The post circulated quickly, and overnight, the subject of the post had many ‘friends’ drop completely out of their life. Their friends had been encouraged to immediately drop contact. Someone, who had already dropped them and grew to dislike the supposed moral criminal, added to the post on how they were definitely abusive because their url had a reclaimed slur in it that personally offended them, despite their own moral logic allowing slur reclaiming.
Our mod left tumblr, terrified of who in their immediate vicinity might spread the slander further in an attempt to produce good karma within their cultic community. They still live in paranoid terror, even though the other author of the callout post had personally apologized to them, disengaged with the person who proposed the callout, and reconnected with them, including others who had also been manipulated into contributing.

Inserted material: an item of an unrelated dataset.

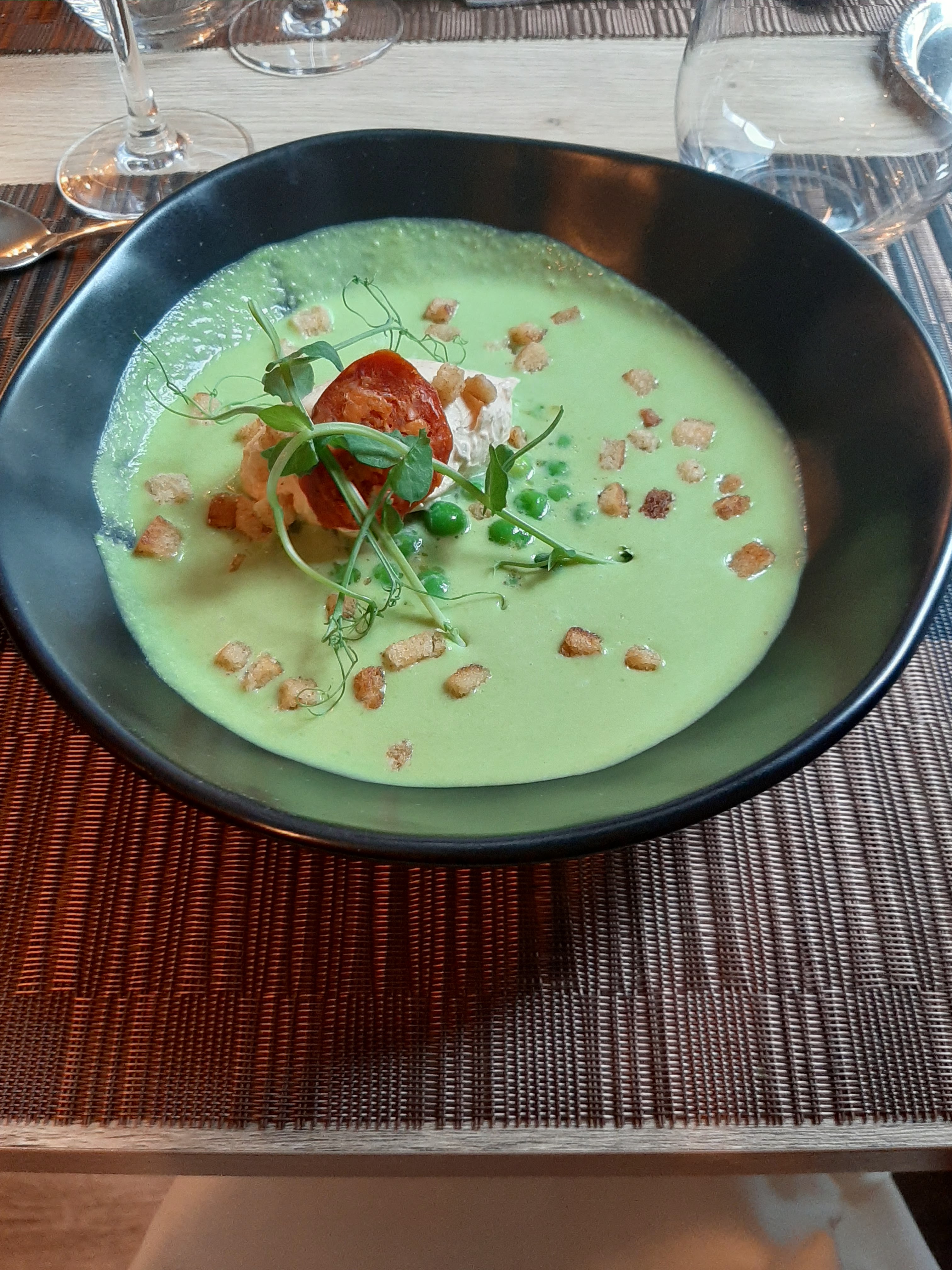 Repas agréable et raffiné. Avons passé un très bon repas en famille. Dommage que nous ayons du être séparé sur deux tables pour cause de covid. Je sais qu'il faut appliquer les règles mais sont elles tjs appliqué en famille et en privé ???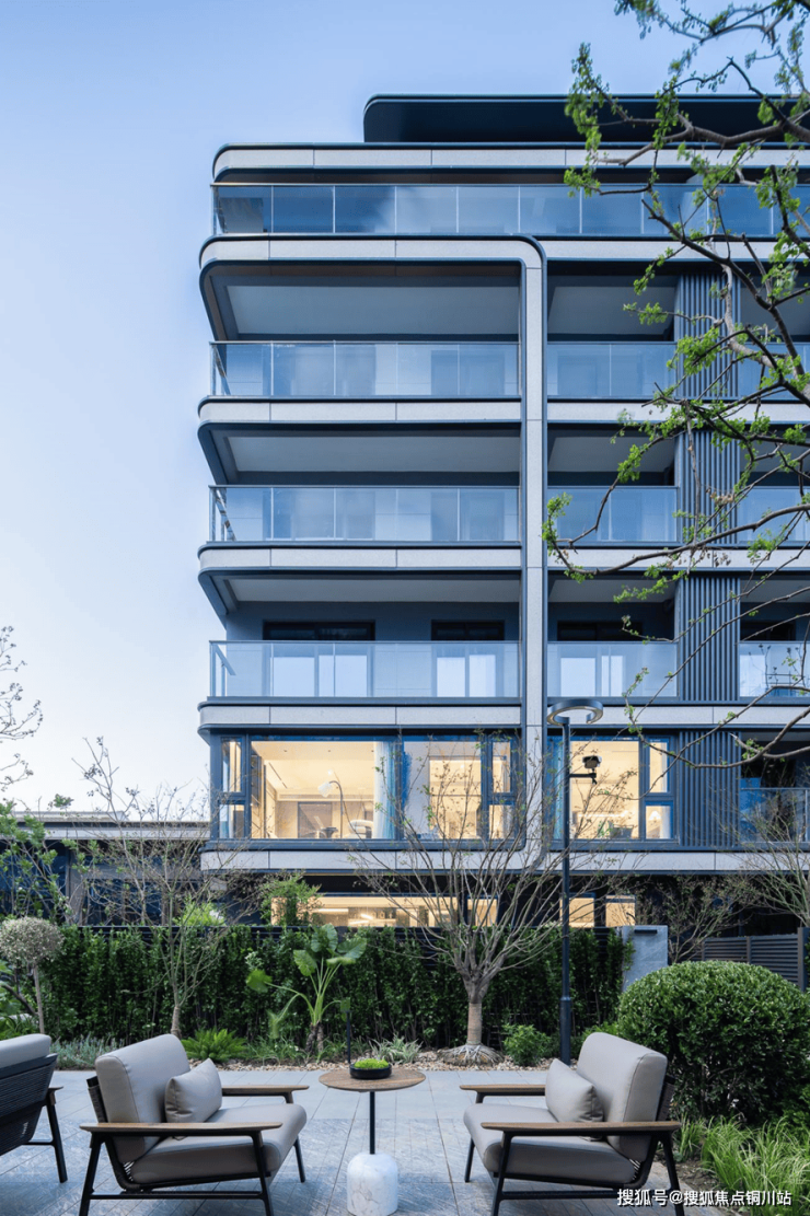 建筑顶部采用曲线造型设计,与阳台轮廓曲线相呼应,使建筑整体造型更加流畅自然,从顶部到底部的线条过渡和谐统一,提升了建筑的美观度和独特性。

But their public apology to our moderator was left unnoticed. Mostly due to the fact the people who saw it had already forgotten about the callout, having either not read it before boosted it silently from pressure from their peers, or it had completely left their attention span.
But the damage that had been done was deeply rooted and long-lasting. They were branded an “Abuser” by the tumblr collective. All for making the mistake of disagreeing on an ironic novelty armband.

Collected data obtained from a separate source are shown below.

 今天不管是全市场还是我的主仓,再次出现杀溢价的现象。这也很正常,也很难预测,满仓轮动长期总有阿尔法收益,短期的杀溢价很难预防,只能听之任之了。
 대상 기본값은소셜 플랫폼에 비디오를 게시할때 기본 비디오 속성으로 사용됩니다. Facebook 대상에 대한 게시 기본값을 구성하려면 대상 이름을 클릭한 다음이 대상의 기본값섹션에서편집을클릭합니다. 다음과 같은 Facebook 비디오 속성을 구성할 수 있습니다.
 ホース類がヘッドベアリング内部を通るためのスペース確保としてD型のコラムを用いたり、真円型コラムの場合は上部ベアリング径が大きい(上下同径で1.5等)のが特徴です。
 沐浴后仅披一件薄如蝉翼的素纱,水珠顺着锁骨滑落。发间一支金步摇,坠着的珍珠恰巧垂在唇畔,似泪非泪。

In a previous post, we posted a very important video. A video which describes the social and psychological effect of moral-panic and loaded words of call-out culture. It describes the public spectacle that was destroying a women’s entire life and mental health because of a single, misinterpreted joke that made a jab at her own ethnicity. Her life now lays in ruins, depression overtaking her health -- but to the rest of the world, she is yesterday’s meme.

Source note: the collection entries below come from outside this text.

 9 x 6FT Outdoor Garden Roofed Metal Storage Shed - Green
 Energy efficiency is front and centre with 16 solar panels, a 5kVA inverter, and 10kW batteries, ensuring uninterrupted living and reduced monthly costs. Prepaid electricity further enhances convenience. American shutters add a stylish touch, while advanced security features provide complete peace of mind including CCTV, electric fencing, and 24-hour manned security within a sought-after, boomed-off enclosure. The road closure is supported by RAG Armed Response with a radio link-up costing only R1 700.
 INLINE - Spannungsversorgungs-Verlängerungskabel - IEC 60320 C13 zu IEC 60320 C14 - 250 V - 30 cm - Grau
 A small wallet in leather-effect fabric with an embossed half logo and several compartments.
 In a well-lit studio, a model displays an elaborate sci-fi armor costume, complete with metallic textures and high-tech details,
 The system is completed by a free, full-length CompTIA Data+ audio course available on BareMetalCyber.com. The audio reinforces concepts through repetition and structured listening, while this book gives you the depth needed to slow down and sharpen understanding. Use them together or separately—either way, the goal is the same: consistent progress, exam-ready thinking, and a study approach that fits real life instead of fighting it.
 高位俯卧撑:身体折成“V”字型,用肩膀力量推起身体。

The word “Abuser” was not mentioned, but it is the same functional outcome -- Any one you disagree with, do not get along with, can be labeled to the one of the two sides of the polarized scale: Good or Bad.
You’re good if you follow the moral ideology of your peers. You’re good if you do not side with a labeled “abuser”, thus making yourself an abuse-apologist, no matter your reasoning.
You’re bad if you disagree or do not get along with anyone who has any iota of power within the community. You’re bad since there is no other way to describe you. If you are not perfect in the eyes of your community, you are not flawed, you are not human, you are not ‘normal’ -- you are bad. Flatly bad.
This polarization is encouraged so heavily in SJW communities, since without it, many of the moral laws begin to fall apart. If someone can not be easily categorized in an “in-group” or an “out-group”, then a lot of the moral distinctions stop making any form of logical sense, since many of them rely on moral abstraction as opposed to the functional, tangible reality that they claim to explain.
This abstraction of moral polarization is uniquely able to exist in environments that allow this disconnect and abstraction from the real world. Tumblr, Jonestown, any community of cultic religious or moral beliefs that specifically places themselves in remote parts of the world to cut their members off from anything that would shatter their fragile ecosystem of beliefs of “good” and “bad.”
It is much easier for one to view those whom they dislike as a polarized concept of “evil”. And since it is encouraged to such an extent in the SJW community, can be easily used as a tool to damage anyone you do not like.
Because, how could one feel at peace if they come to terms with the person that they caused irreparable psychological damage to wasn’t evil after all, just a complex, imperfect being with many unique life experiences just like themselves?
They can’t, because that would make them bad. And they certainly aren’t bad, no no. Because they’re not the other.
Until they make that one fateful, imperfect mistake.